Let $X$ be a Banach space. Consider the map $$ \alpha\colon X\hat{\otimes} X^* \to B(X)^*, $$ defined one simple tensors as $$ \alpha(\xi\otimes\eta)(a) = \eta(a(\xi)).\quad (\xi\in X, \eta\in X^*, a\in B(X)) $$ Put differently, we consider the pairing between $X\hat{\otimes} X^*$ (the projective tensor product of $X$ and its dual space $X^*$) and $B(X)$ (the algebra of bounded linear operators on $X$) induced by $$ \langle \xi\otimes\eta, a\rangle = \langle a(\xi), \eta \rangle. $$
Question: Is $\alpha$ isometric?
This question arose when I tried to make sense of the ultraweak topology on $B(X)$ for a (nonreflexive) Banach space $X$. The question asks if $B(X)$ always has a distinguished part of its dual, which could be thought of as a generalization of a predual. However, even if $\alpha$ is isometric, I don't think it necessarily implies that $X\hat{\otimes} X^*$ is a predual of $B(X)$.

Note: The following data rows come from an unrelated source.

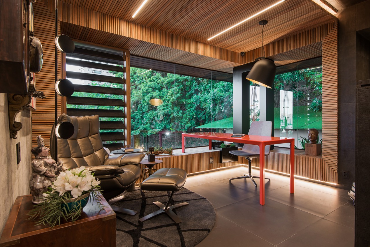 O Home Office Jambeiro reforça a importância da iluminação natural para o ambiente de trabalho. Para aproveitar ao máximo a incidência de luz solar, a arquiteta utilizou o vidro Habitat Neutro incolor da Cebrace Vidros em dois grandes vãos de abertura, os quais integram a paisagem externa para o interior da sala. O painel ripado domina duas paredes do ambiente trazendo o clima de conforto, onde os tons de cinza e amadeirados se complementam. O destaque fica para a mesa em cor laranja que sobressai do painel abaixo da janela. Uma poltrona em couro transforma o espaço também em um local de leitura.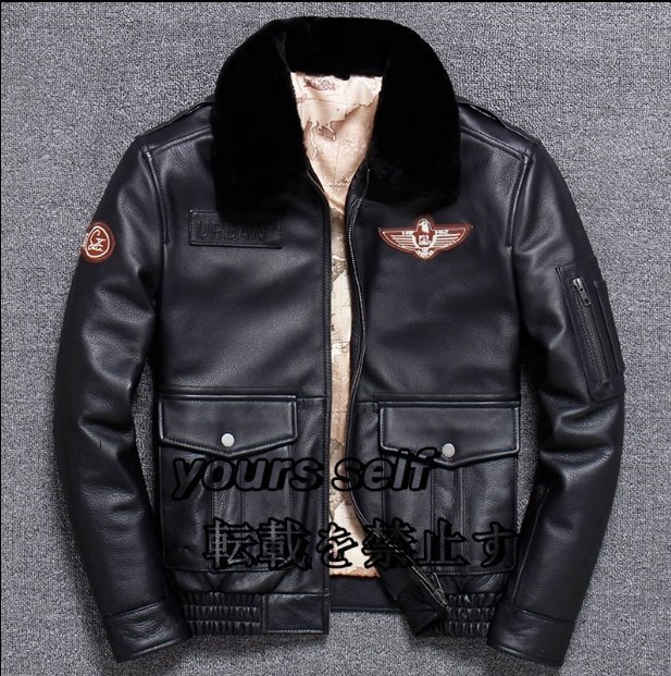 レザージャケット 上品 ファー襟付き 本革 牛革 刺繍 ライダースジャケット  フライトジャケット 革ジャン S~5XL 黒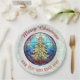 Design de vidro brilhante e vibrante manchado de uma árvore de Natal multicolorido num quadro vermelho. Com um fundo verde claro e brilhante e "Feliz Natal" (personalizável). Você pode mudar o texto na parte inferior do design para sua própria mensagem.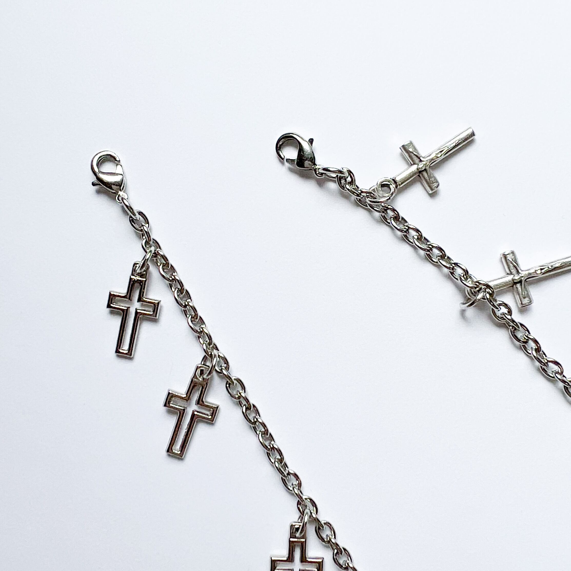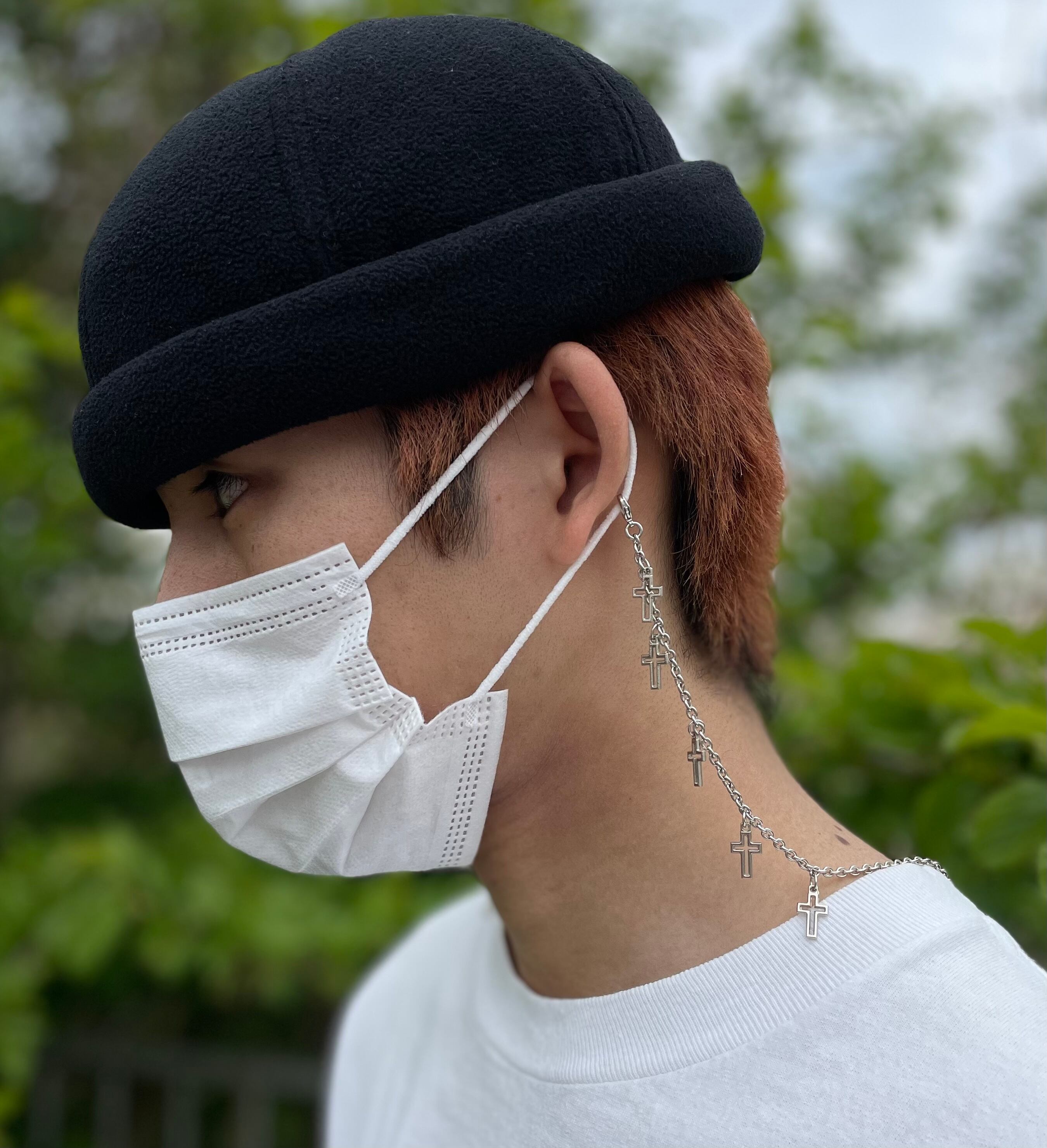 異なるデザインのミニクロスを左右に5連付けしたマスクチェーン。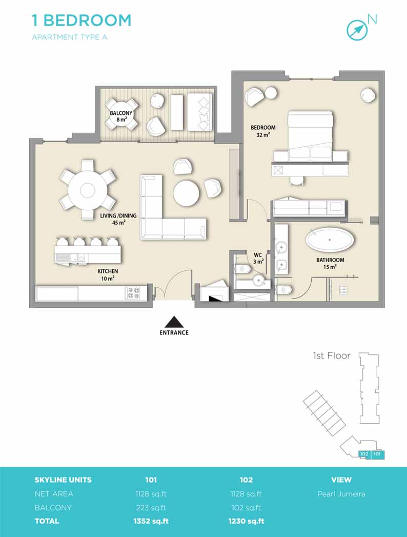 | 1 Bedroom | All | 1 bedroom type A 1352 | 1352.00 Sq Ft | Apartment | |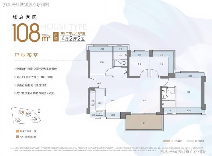108㎡的4房2厅2卫,设计的是横厅南北通透格局,进门独立玄关,客餐厅6.4米开间,LDKB一体化,五开间朝南,主卧双飘窗通透设计,全屋10个凸窗,4个卧室分别做到了主卧17.01㎡/次卧9.7㎡/次卧8.4㎡/次卧7.35㎡(包含墙体飘窗),L型厨房,卫生间干湿分离,得房率约91.88%(包含赠送),阳台主朝西南或东南向。

One reformulation of the question is as follows: Consider the map $$ \beta\colon B(X) \to B(X^*) $$ which sends an operator $a\in B(X)$ to its transpose $a^*\in B(X^*)$. This map is isometric and we can therefore think of $B(X)$ as a subspace of $B(X^*)$. Then $\alpha$ is isometric if and only if $B(X)$ is $1$-norming in $B(X^*)$ - meaning that the unit ball of $B(X)$ is weak-dense in the unit ball of $B(X^*)$, for the weak-topology on $B(X^*)$ induced by the isometric isomorphism $B(X^*)\cong (X\hat{\otimes} X^*)^*$.
Some more remarks:
WeOriginally I had written: "We know that $B(X)$ is always weak*-dense in $B(X^*)$. (In general, this is weaker then being $1$-norming.) Translating back to $\alpha$, this means that $\alpha$ is always injective." However, as pointed out by Bill Johnson below, not even that is the case. So the answer to my question is a big "NO".
If $X$ is reflexive, then $\beta$ is surjective, and so $\alpha$ is isometric. (This can also be seen more directly.)
If $X$ has the metric approximation property, then already the unit ball of $F(X)$, the finite rank operators on $X$, is weak*-dense in the unit ball of $B(X^*)$. Thus, also in this case, $\alpha$ is isometric.